The essay by Carrie Paechter was part of a project about the memory of war at an interdisciplinary college of the University of London where she was then a professor. Keep in mind that her memories of her grandfather are second-hand. They are stories she heard from her father.
Celebrated in the First World War, and gassed in Auschwitz: my grandfather's history
My colleague Richard Grayson has recently been encouraging academics at Goldsmiths to explore their family histories, as part of the onset of the 100 year commemoration of the First World War. Mine is just one example of how the wartime sacrifice of German Jews counted for nothing after Hitler came to power.
My grandfather, Curt Julius Paechter, was one of the many German Jews to fight in World War One. He served for the whole of the war; from 4 August 1914 to 28 December 1918 (the records from his later employment at the Disconto-Gesellschaft show this). He had already had two periods in the army: a whole year from 1910 to 1911, and a further six weeks in 1913, presumably as part of the military service required of fit male German citizens.

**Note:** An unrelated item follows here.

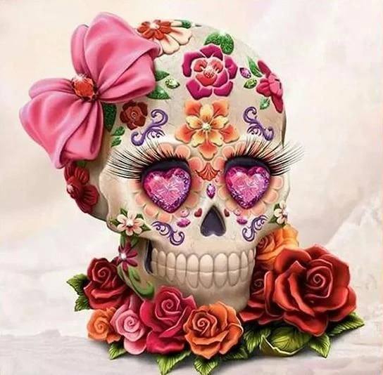 Ce crâne humain est orné de décorations colorées : fleurs, nœud papillon, et même diamants roses… Une véritable œuvre d’art vous est présentée avec la Broderie Diamant Tête de Mort et Roses ! Collez vos stras étincelants et célébrez los dias de los muertes comme il se doit… Relaxation garantie.

Curt was one of the many German soldiers awarded the Iron Cross First Class, and achieved the rank of Leutnant. When he joined the Disconto-Gessellschaft he described himself as Leutnant der Reserve, presumably because he was no longer on active service.

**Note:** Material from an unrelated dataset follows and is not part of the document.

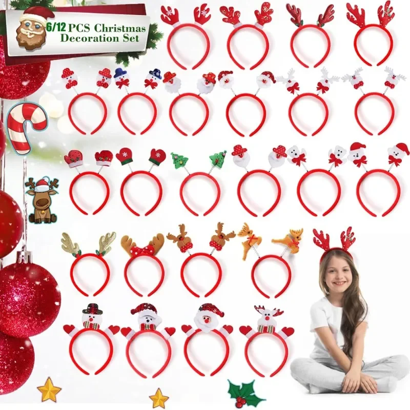 6/12PCS Random Christmas Headbands Party Favors Xmas Party Headband Favors Christmas Hat Hairpin for Holiday Classroom Supplies

A story about him told by my father, George Paechter, is all we know of his active service, but it shows that he was brave under fire: "Curt was in the cavalry, and, at one time, had to cross an avenue in woodland down which the enemy were firing intermittent cannons. He didn't time his crossing very well: his horse was decapitated, but managed to carry him over to the other side before collapsing."
Curt was very much an assimilated German Jew. The only description we have of him is from the memoirs of my great-aunt, Anneliese Landau, who left Germany in 1939 and was the only member of that generation of my family to survive.
She describes her first impressions of him as: “a slender, middle-sized young man with steel-blue eyes, a slightly balding head and a blond moustache. The erect figure seemed to be a model of a Prussian E.K.1 officer of the First World War: correctness all over, a face that seemed set for making decisions which no one could change, hardly even he himself who had originally made them.”
In civilian life, Curt was a lawyer, and in 1920 he took up a position as head of the law department of the Disconto-Gessellschaft, which later became part of the Deutsche Bank, specialising in their property holdings.
Following the rise of the Nazis in the 1930s, he was dismissed from this job, because Jews were no longer permitted to work as lawyers in such organisations.
Following Kristallnacht, he was arrested on 9 November 1938 and imprisoned for three months. After this, he sent his three children, including my father, to England as refugees. He and my grandmother Grete remained in Berlin to take care of their own parents.
Grete died from appendicitis in 1941 and Curt remained in Berlin with his mother and in-laws until 1942. In that year, he was deported to Theresienstadt. From there, probably sometime in 1944, he was sent to Auschwitz, where he died, probably in the gas chambers. There is a Stolperstein (stumbling block) in his memory outside the apartment block in which the family lived at 61 Nassauischestrasse in Berlin.